[Data excerpt]:
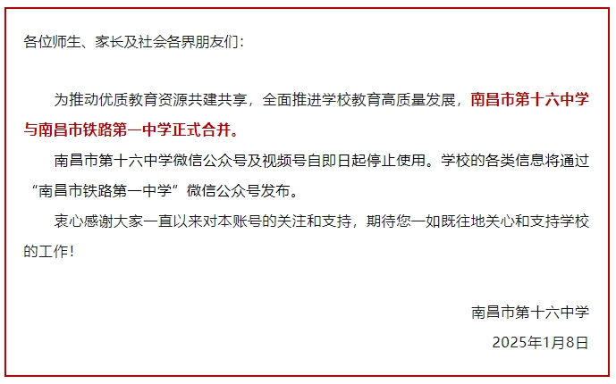 南昌十六中發布公告,南昌市第十六中學與南昌市鐵路第一中學正式合并,南昌市第十六中學微信公眾號及視頻號停止使用公告,公告全文如下:
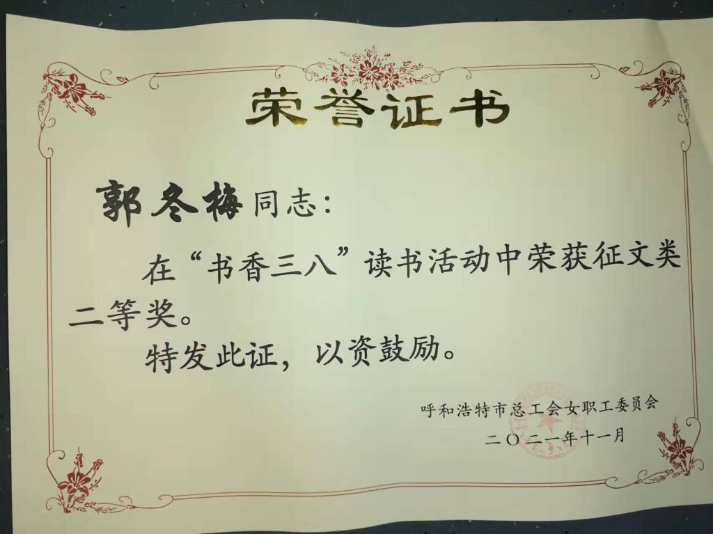 本次活动共收到征文、家书、摄影书画等各类参赛作品200篇,经评审小组认真评选,共评选出征文类一等奖10篇,二等奖30篇,三等奖42篇,其中学院发展规划与科技处教师郭冬梅荣获征文类二等奖。
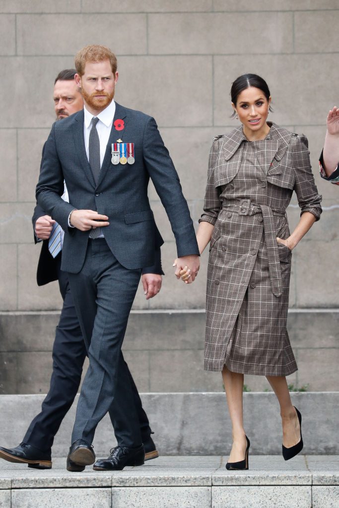 Για την περίσταση, η Markle φόρεσε μια καρό καμπαρντίνα από τη σχεδιάστρια με έδρα τη Νέα Ζηλανδία, Karen Walker, μια ιδιαίτερα κατάλληλη επιλογή για το σκηνικό. Η διαχρονική καμπαρντίνα είναι μία από τις must-have σιλουέτες της σεζόν ενώ με το καρό τύπωμα της Markle έμοιζε ιδιαίτερα φρέσκια. Κάτω από το παλτό της, η Δούκισσα φορούσε ένα απλό μαύρο φόρεμα που επέτρεπε στο εξωτερικό ένδυμα να λάμψει.
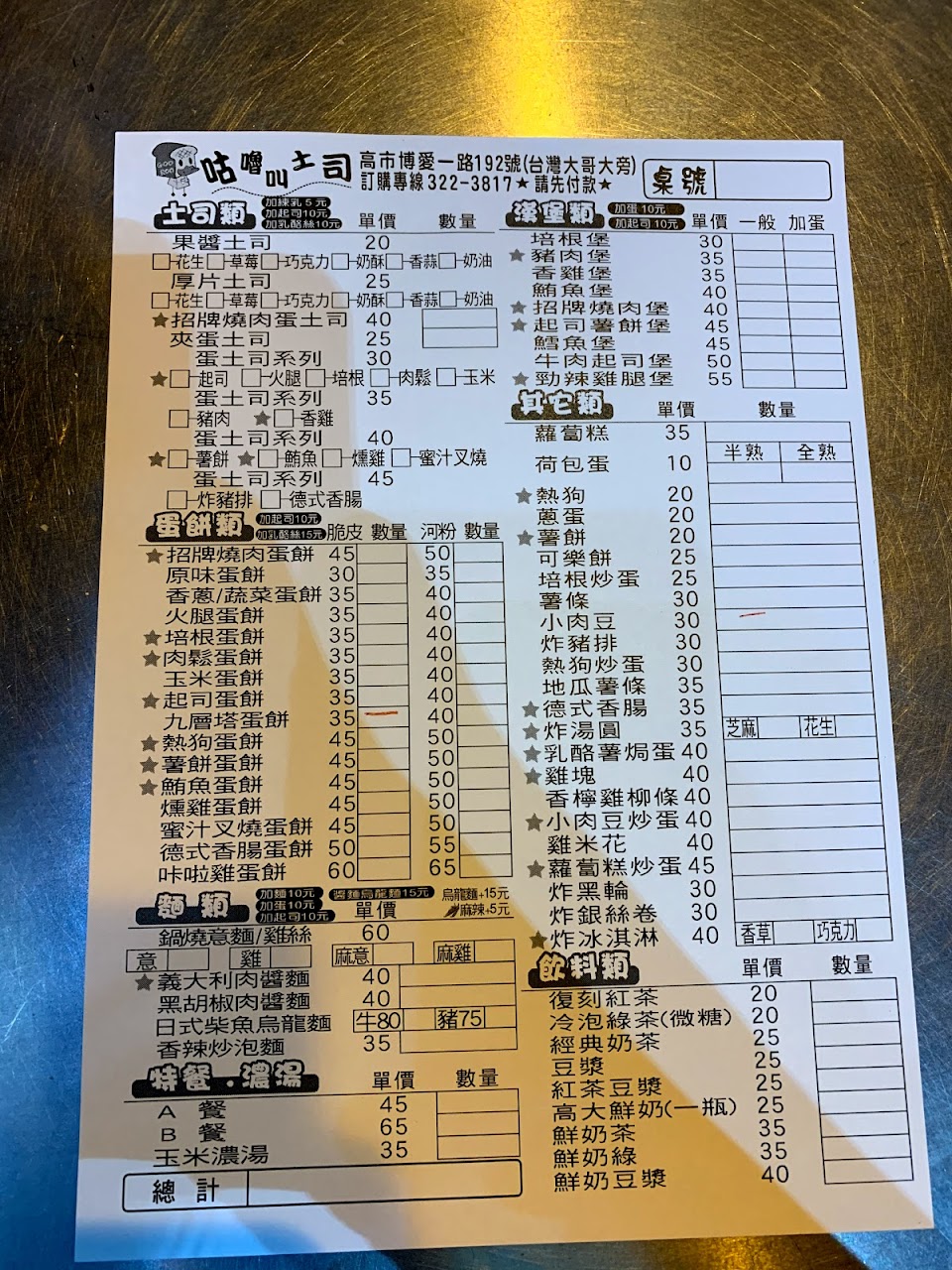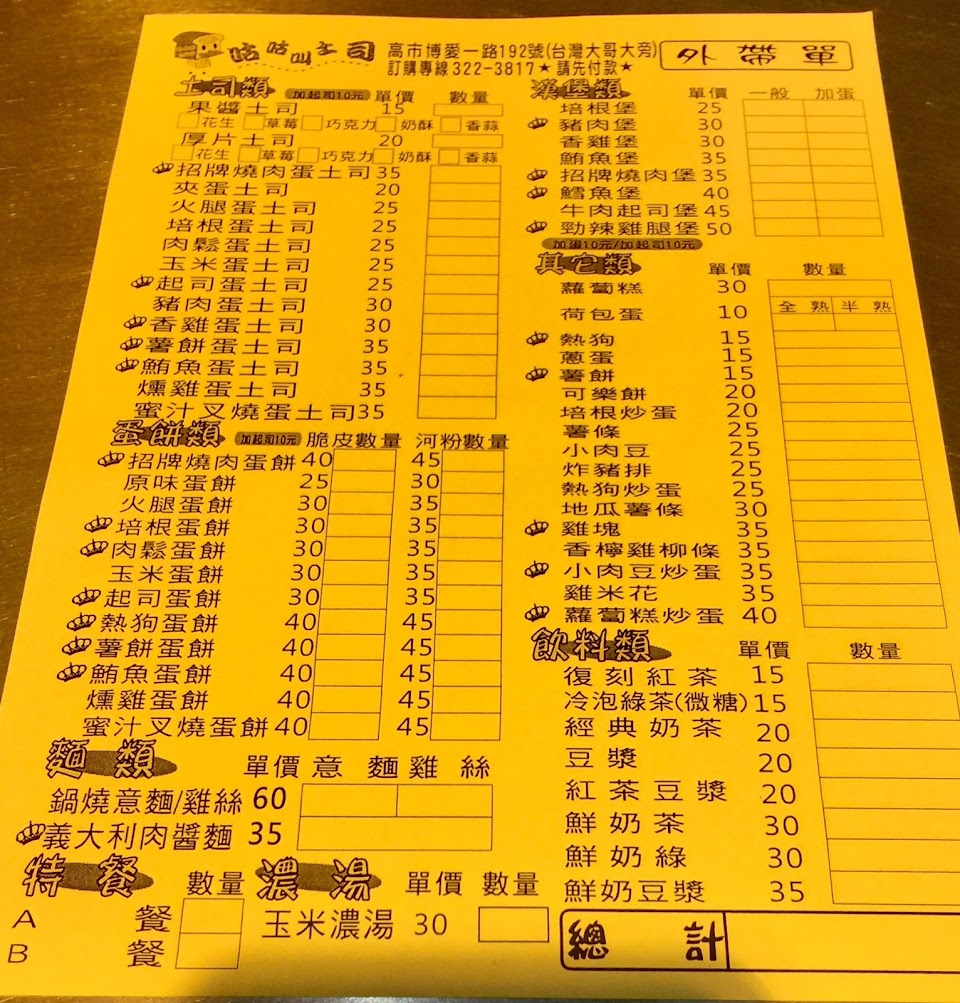 2024最新在地推薦餐廳的菜單_咕嚕叫土司 博愛店的菜單、圖片

[Required action]:
Nothing should appear in the answer except the lines from the first line of the data through the line holding "本次活动共收到征文、家书、摄", exactly as written, with pictures left out.

[Solution]:
 南昌十六中發布公告,南昌市第十六中學與南昌市鐵路第一中學正式合并,南昌市第十六中學微信公眾號及視頻號停止使用公告,公告全文如下:
 本次活动共收到征文、家书、摄影书画等各类参赛作品200篇,经评审小组认真评选,共评选出征文类一等奖10篇,二等奖30篇,三等奖42篇,其中学院发展规划与科技处教师郭冬梅荣获征文类二等奖。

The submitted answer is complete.